Screen Saver
Contributed by Jennifer Harrison
Protecting fish in the Sacramento Valley takes time and teamwork. This was keenly apparent on a recent morning along the Feather River in South Sutter County just outside Montna Farms. The event? Instillation of a modern, new fish screen to protect Chinook Salmon and Steelhead Trout. The project, officially known as Garden Highway Mutual Water Company Fish Screen, was over a decade in the making.
Screen Time
A fish screen is a barrier between fish in the river and intake structure pumps used to divert water out of the river.
“From records that I can see this pumping station was built in the 1940’s” explained Jon Munger, Manager of Garden Highway Mutual Water Company and Vice President of Operations of Montna Farms. Montna Farms is a rice grower in the region and a landowner in the water company delivering water to other landowners in the area, they depend on water from this river to irrigate crops and thus grow food.
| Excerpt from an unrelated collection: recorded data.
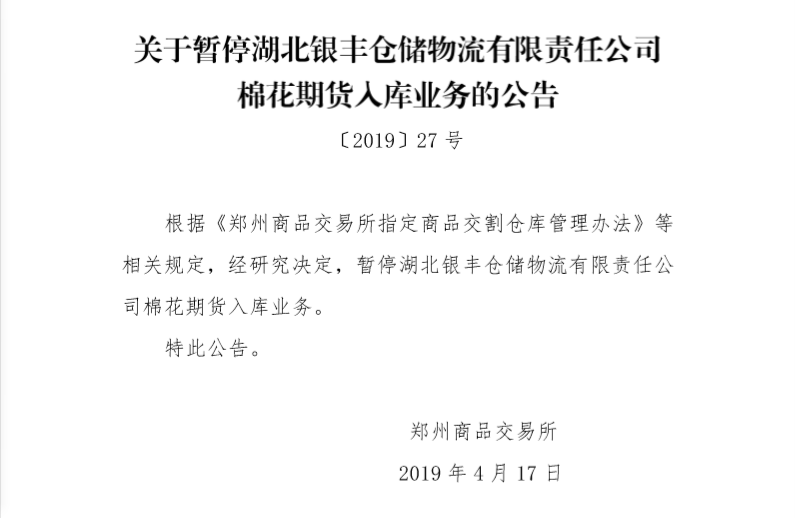 鄭商所公告表示目前正督促交割倉庫和保險(xiǎn)公司妥善做好相應(yīng)后續(xù)處置工作。同時(shí)將暫停湖北銀豐倉儲(chǔ)物流有限責(zé)任公司棉花期貨入庫業(yè)務(wù)。
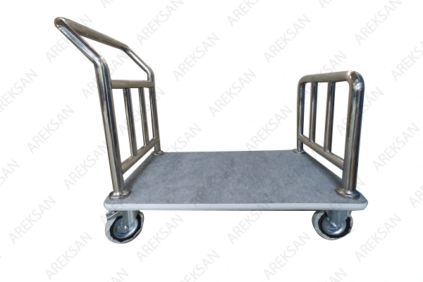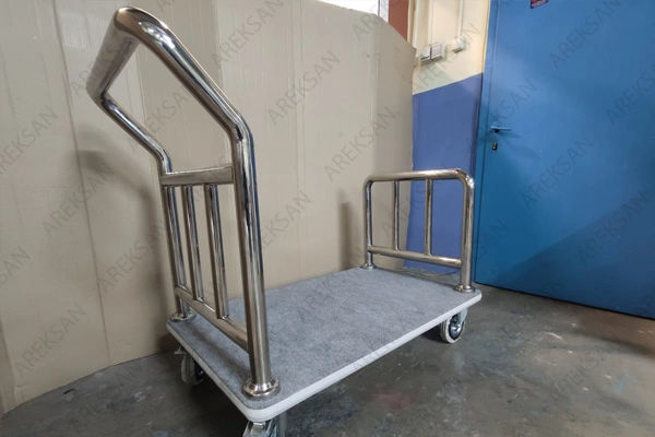 Altın tonlu titanyum kaplaması ve şık kırmızı halısıyla bu otel valiz taşıma arabası, hem konuklarınızı etkileyecek bir görünüme hem de çalışanlar için kolay kullanım avantajına sahiptir. Bellboy arabası arayışınızda, zarafet ve dayanıklılığı bir arada sunan bu model otel ekipmanları arasında öne çıkmaktadır.
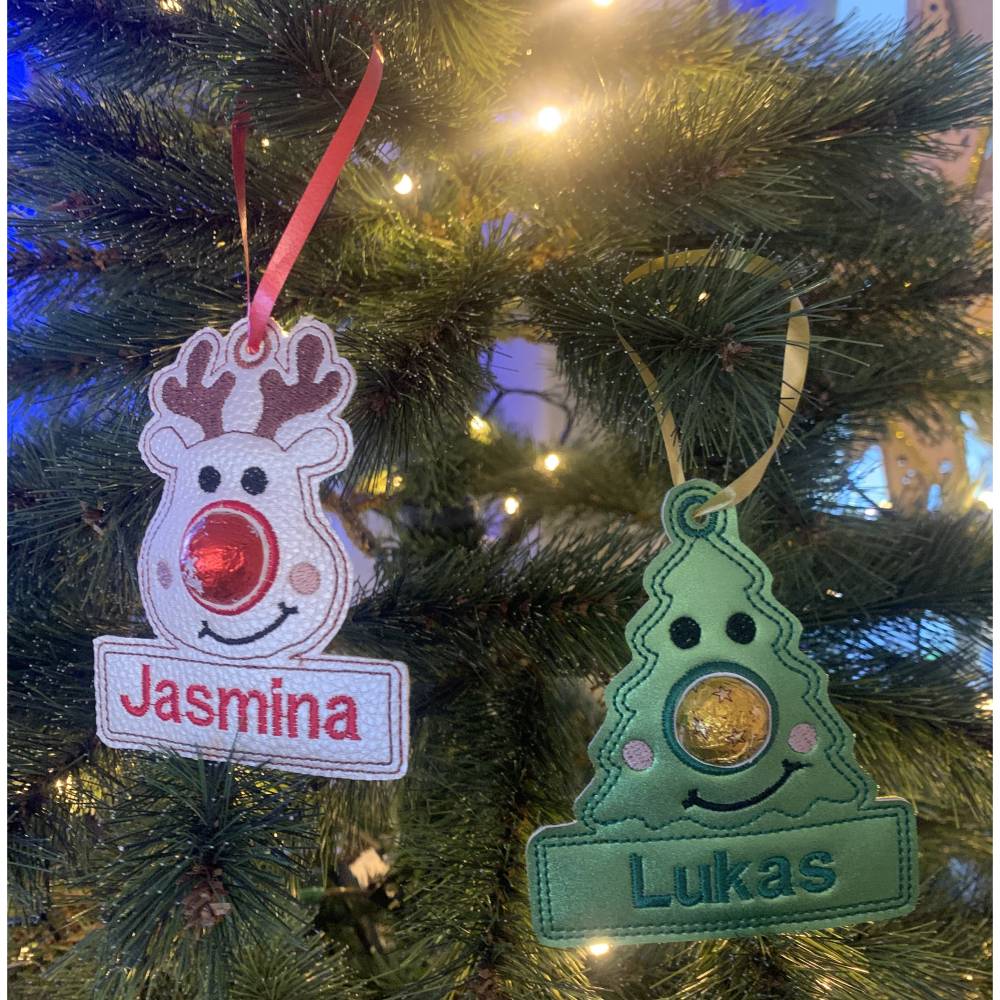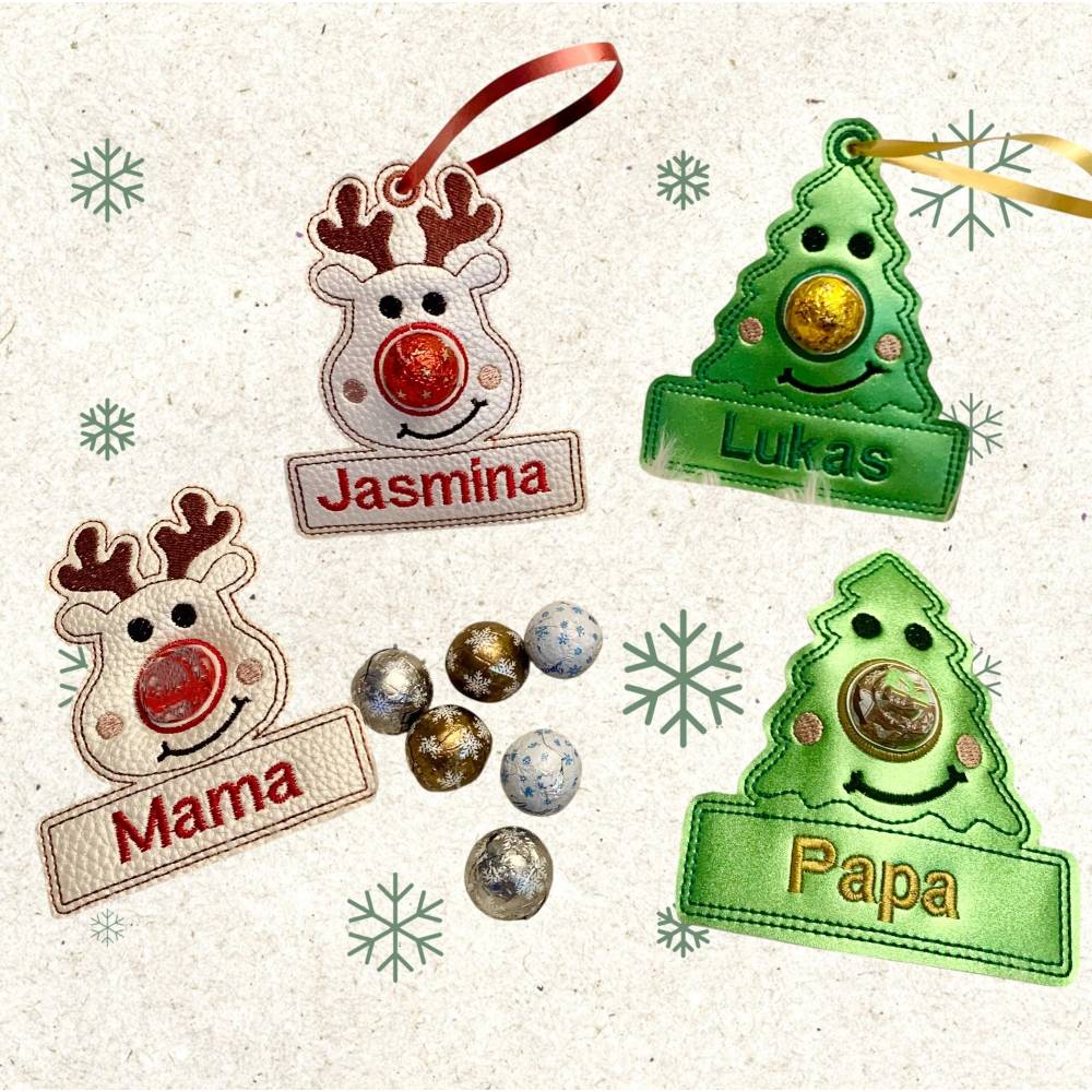 Stickdatei Weihnachten Schoko Nase Name Rentier & Tanne 13x18 Set 905 mit Anleitung

“This big trash grate, that’s what used to be on the pump, it was just designed to keep leaves, sticks and branches from going in the pump,” said Russell Berry IV, Owner and President of Intake Screens Incorporated whose team designed and retrofitted the existing structure with a modern fish screen. There is a science behind this business. A lot of math too.
“When we design a screen to comply with the state and federal criteria, we use a wedge wire screen, which has a 1.75 mm slot. This is about the thickness of a quarter and keeps any fish from entering the intake. Also, the screens are designed to have low approach velocity of .33 feet per second. For every cubic foot of water, we will have at least 3 square feet of screen surface” added Berry.
Compliance, Cooperation and Time
Fish screens are nothing new in the Sacramento Valley, products of the Endangered Species Act Congress passed in the 1970s, as detailed by Ashley Indrieri, Program Manager with Family Water Alliance.
“There’s been a prioritization through the state and federal government of screening larger diversions, and this was one of the larger ones that was probably left unscreened because of engineering and design complications, not the landowner, who has been very proactive for decades. It was not an easy one. Had it been easy, it would have been done a decade ago.”
Munger agrees.
“It took several entities over several years to get to the point where we are today, figuring out, with all our feasibility studies and working with a team: Family Water Alliance, NCWA, California Fish and Game, Bureau of Reclamation, our engineers, quite a team to put together, it took a lot of partners.”
The pump’s location (it is on a long intake channel, as opposed to being on the main body of the river), permitting and funding all contributed to the lengthy timeline. Funding came from the Bureau of Reclamation, California Department of Fish and Wildlife and through Garden Highway Mutual Water Company itself.
Back on the banks of the river, a large crane lifts the shiny new fish screen into place, and Chief Operation Officer of Family Water Alliance Nadine Bailey puts it best.
“These projects are a perfect example of forward thinking, environmentally conscious work that’s been going on for the last couple decades on the Sacramento and Feather River.”